◆ ACTION ITEM ◆
The reply must contain exactly the lines below from the one with "About a month" down to the one with "If you would", both included, and nothing more; please omit the pictures.

◆ INFORMATION SHOWN ◆
☆ ☆ ☆ ☆ ☆ ☆ ☆
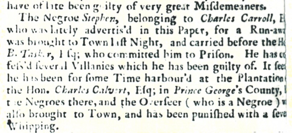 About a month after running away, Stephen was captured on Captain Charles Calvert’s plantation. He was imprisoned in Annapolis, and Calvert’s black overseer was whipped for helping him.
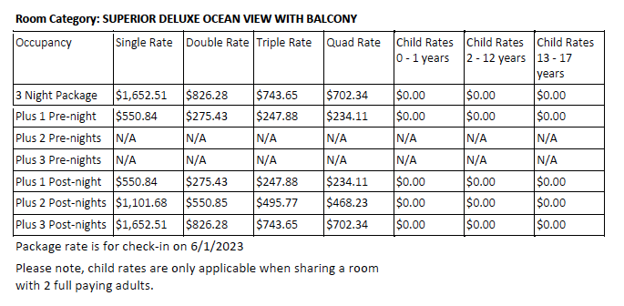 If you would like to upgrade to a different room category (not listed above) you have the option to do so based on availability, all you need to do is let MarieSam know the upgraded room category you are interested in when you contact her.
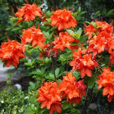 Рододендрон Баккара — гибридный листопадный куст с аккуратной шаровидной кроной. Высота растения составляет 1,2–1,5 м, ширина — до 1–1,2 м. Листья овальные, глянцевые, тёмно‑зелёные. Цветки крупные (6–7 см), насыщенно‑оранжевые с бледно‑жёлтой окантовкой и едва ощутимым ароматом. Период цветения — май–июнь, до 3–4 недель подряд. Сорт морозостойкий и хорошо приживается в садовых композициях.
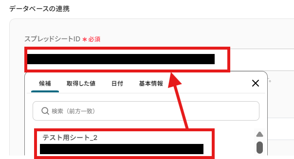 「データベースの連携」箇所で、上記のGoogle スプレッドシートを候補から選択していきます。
☆ ☆ ☆ ☆ ☆ ☆ ☆
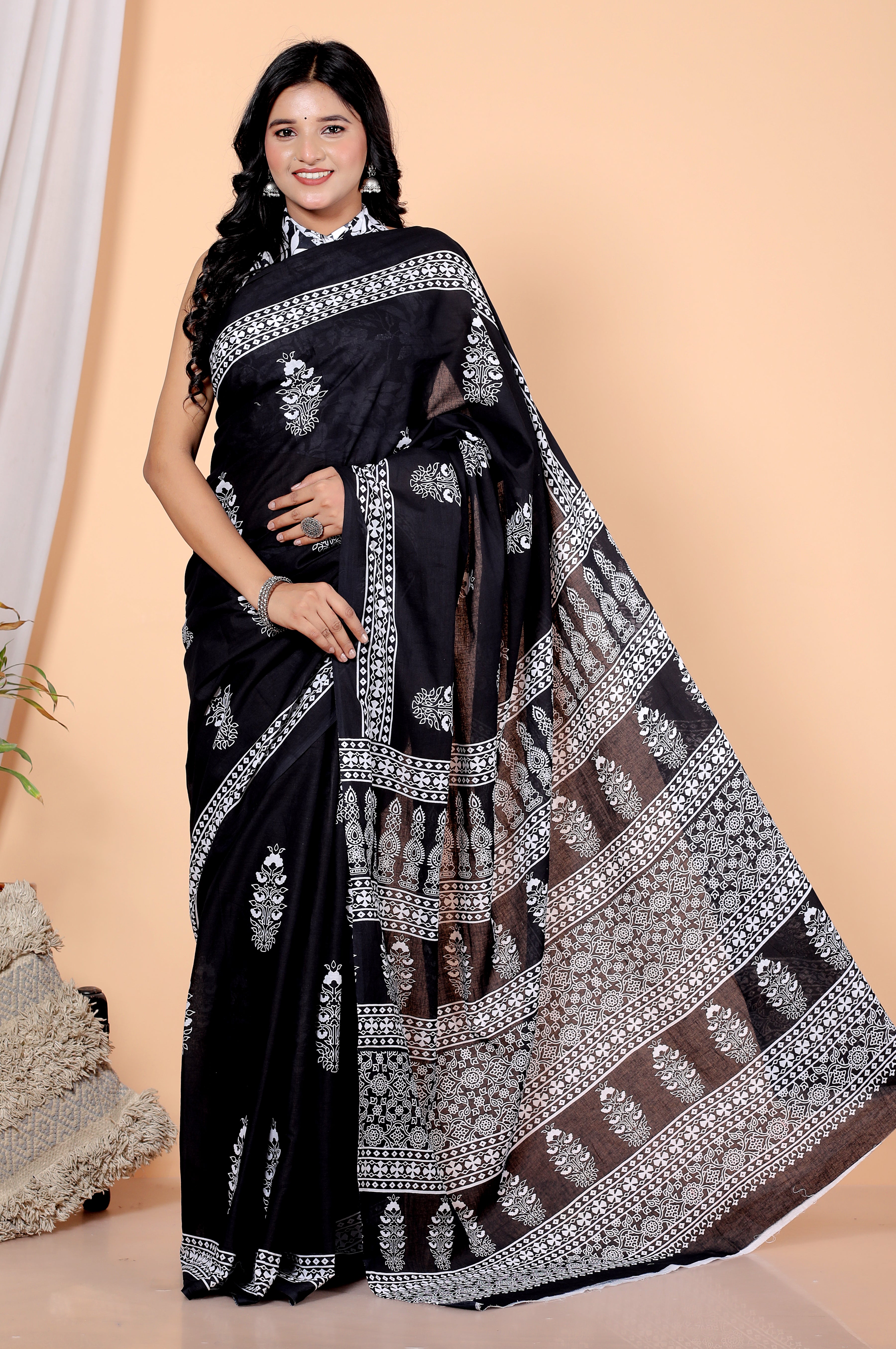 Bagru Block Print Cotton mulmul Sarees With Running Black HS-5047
☆ ☆ ☆ ☆ ☆ ☆ ☆
◆ ANSWER TO THE EXERCISE ◆
 About a month after running away, Stephen was captured on Captain Charles Calvert’s plantation. He was imprisoned in Annapolis, and Calvert’s black overseer was whipped for helping him.
 If you would like to upgrade to a different room category (not listed above) you have the option to do so based on availability, all you need to do is let MarieSam know the upgraded room category you are interested in when you contact her.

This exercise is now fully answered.